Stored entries
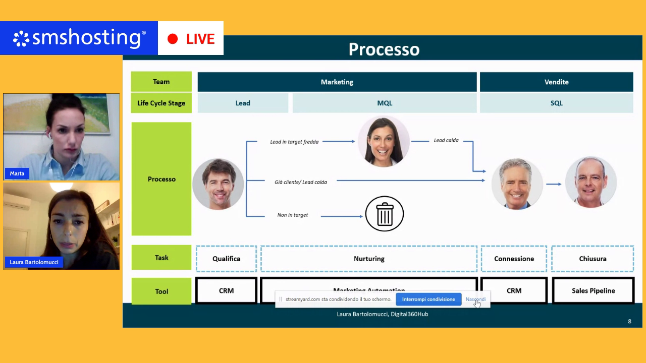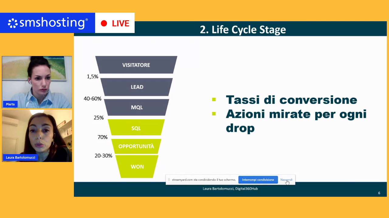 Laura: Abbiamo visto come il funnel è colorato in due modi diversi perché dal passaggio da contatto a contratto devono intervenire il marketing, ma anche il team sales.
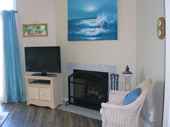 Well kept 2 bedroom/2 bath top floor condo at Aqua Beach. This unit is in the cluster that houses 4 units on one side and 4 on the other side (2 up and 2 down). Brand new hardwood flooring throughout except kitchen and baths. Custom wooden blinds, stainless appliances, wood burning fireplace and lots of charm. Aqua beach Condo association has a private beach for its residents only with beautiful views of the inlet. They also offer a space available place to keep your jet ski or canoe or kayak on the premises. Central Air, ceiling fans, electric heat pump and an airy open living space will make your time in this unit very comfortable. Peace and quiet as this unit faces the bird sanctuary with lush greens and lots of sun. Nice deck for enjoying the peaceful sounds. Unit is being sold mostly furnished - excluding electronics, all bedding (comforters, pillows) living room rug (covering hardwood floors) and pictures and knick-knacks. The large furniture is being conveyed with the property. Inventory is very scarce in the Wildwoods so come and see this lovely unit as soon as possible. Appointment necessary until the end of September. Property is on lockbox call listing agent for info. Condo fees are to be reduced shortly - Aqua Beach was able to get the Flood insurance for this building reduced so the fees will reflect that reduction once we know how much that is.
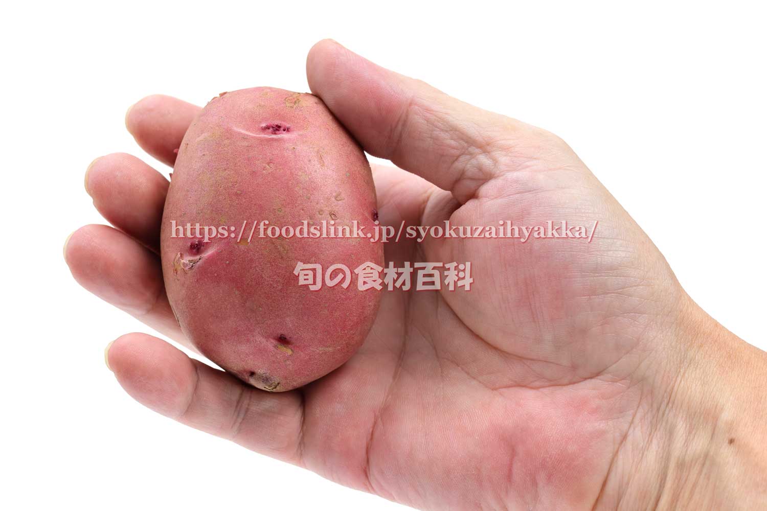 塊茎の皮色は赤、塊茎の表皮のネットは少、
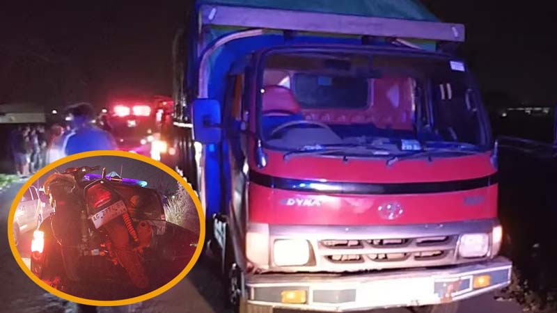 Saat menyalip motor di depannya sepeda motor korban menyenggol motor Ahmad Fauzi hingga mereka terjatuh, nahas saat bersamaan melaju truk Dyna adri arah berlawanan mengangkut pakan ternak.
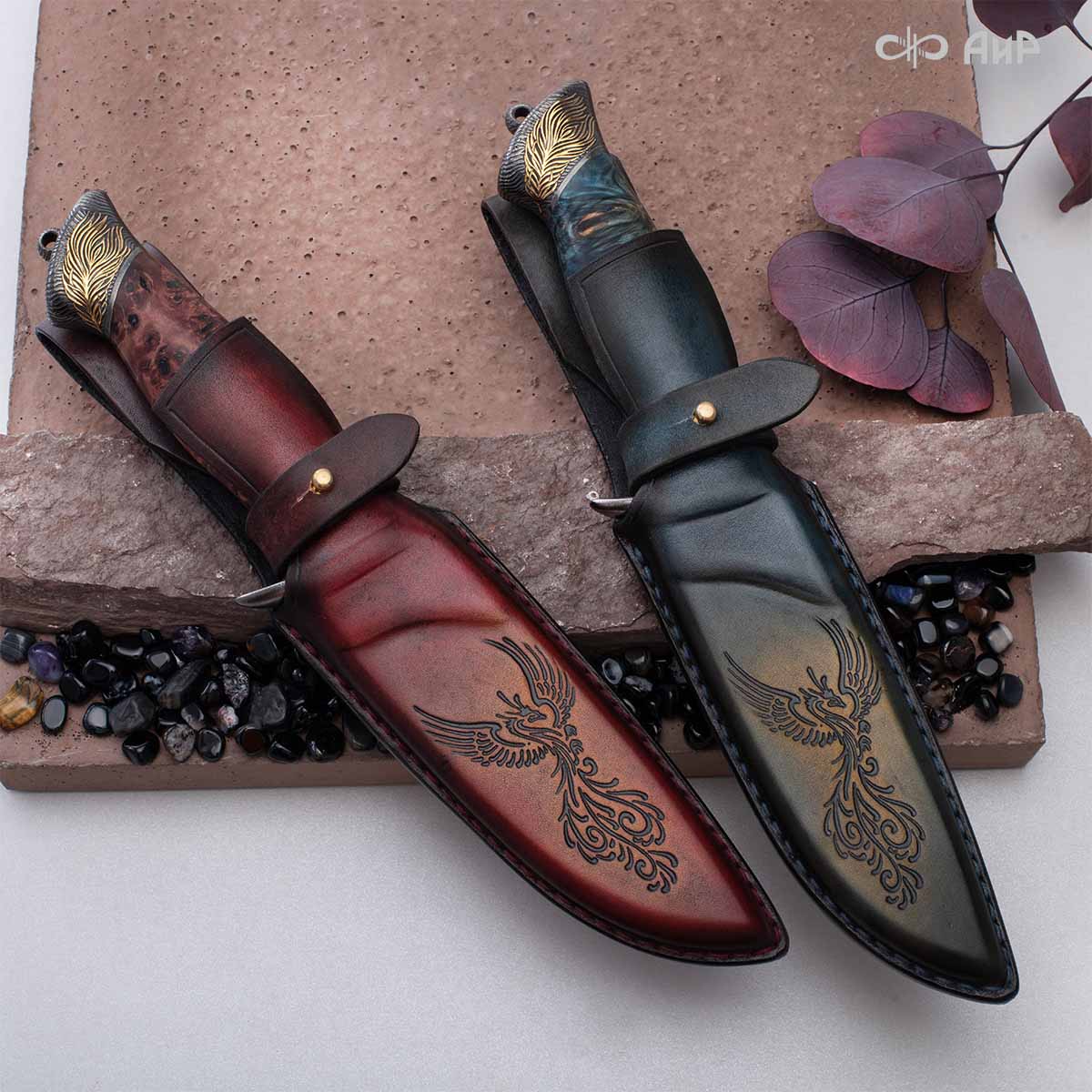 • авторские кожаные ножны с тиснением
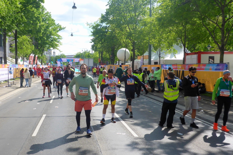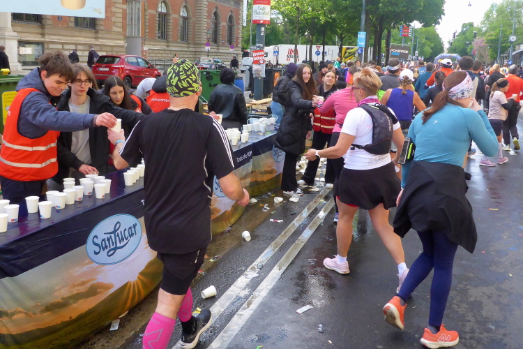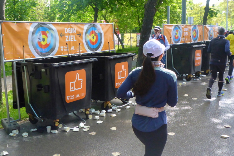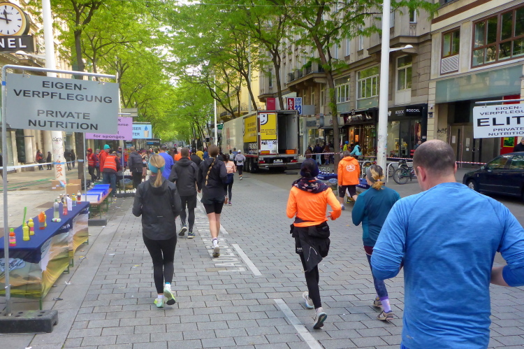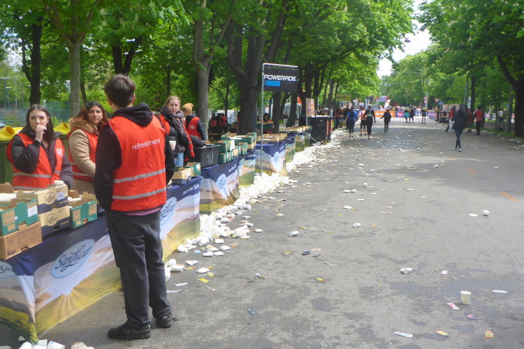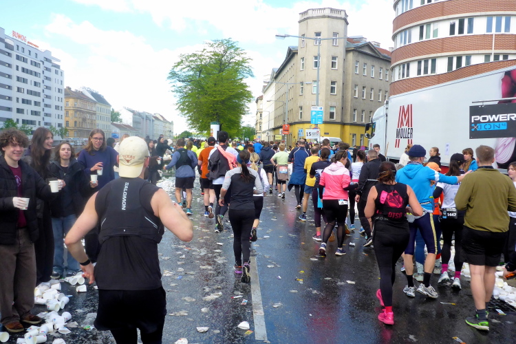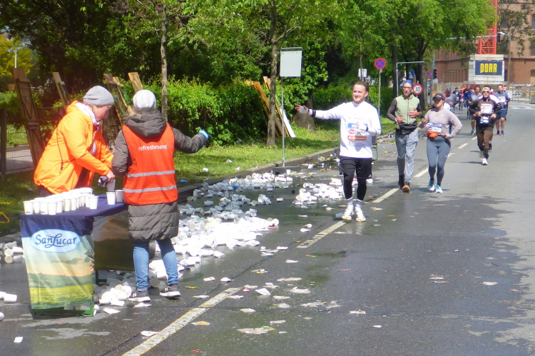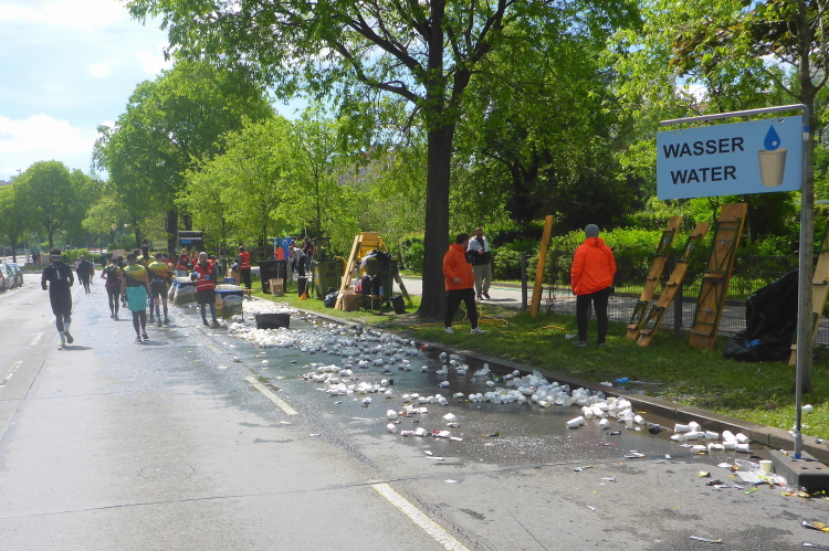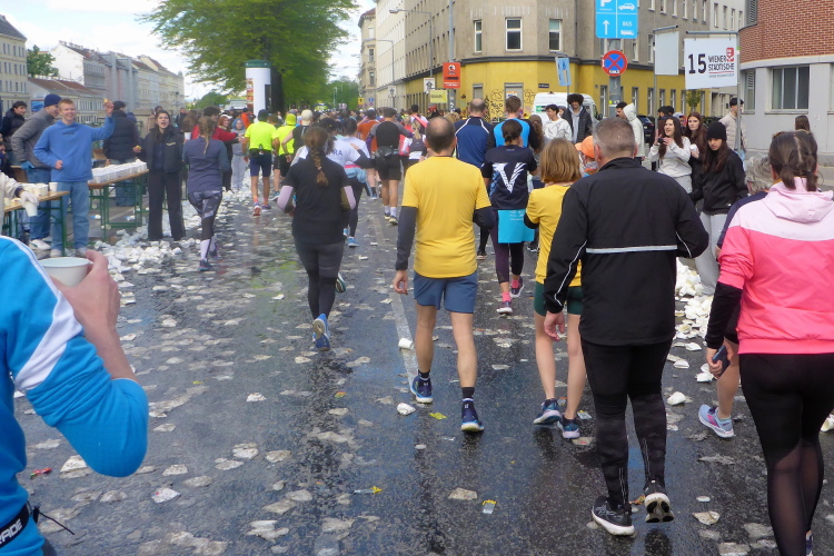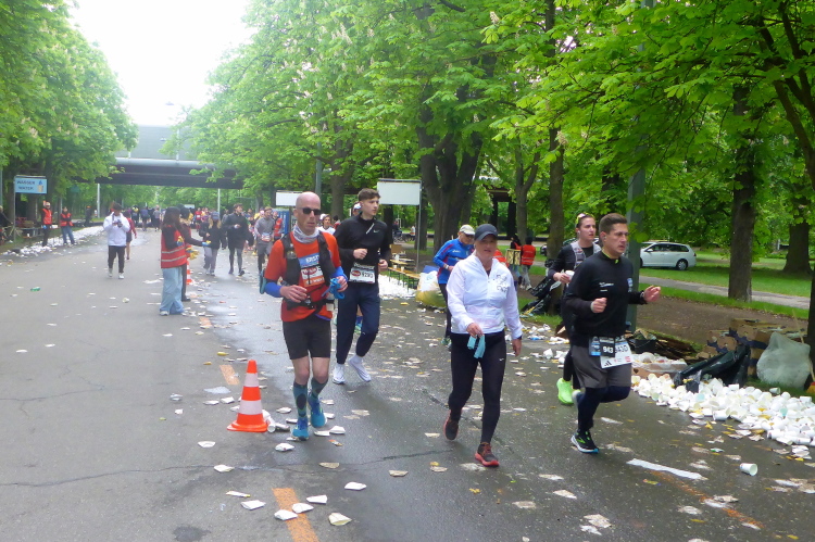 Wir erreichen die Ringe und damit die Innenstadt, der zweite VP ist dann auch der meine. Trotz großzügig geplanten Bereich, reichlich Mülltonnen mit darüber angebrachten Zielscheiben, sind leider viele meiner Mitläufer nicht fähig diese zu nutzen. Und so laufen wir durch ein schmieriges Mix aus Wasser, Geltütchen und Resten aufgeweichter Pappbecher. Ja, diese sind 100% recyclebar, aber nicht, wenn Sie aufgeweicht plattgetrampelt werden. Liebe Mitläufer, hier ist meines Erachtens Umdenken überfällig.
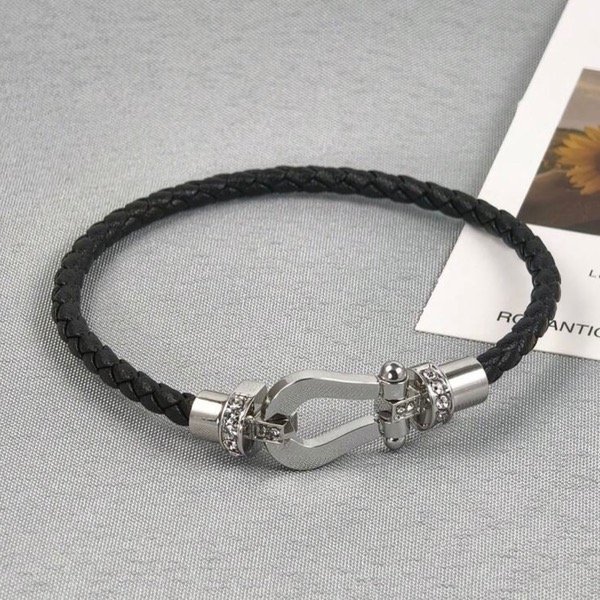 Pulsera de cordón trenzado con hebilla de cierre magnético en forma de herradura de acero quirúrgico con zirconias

Assignment
Exact lines, nothing more: output the one with "ножны с тиснением" and every later line through the end of the data, skipping pictures.

Answer area
 • авторские кожаные ножны с тиснением
 Wir erreichen die Ringe und damit die Innenstadt, der zweite VP ist dann auch der meine. Trotz großzügig geplanten Bereich, reichlich Mülltonnen mit darüber angebrachten Zielscheiben, sind leider viele meiner Mitläufer nicht fähig diese zu nutzen. Und so laufen wir durch ein schmieriges Mix aus Wasser, Geltütchen und Resten aufgeweichter Pappbecher. Ja, diese sind 100% recyclebar, aber nicht, wenn Sie aufgeweicht plattgetrampelt werden. Liebe Mitläufer, hier ist meines Erachtens Umdenken überfällig.
 Pulsera de cordón trenzado con hebilla de cierre magnético en forma de herradura de acero quirúrgico con zirconias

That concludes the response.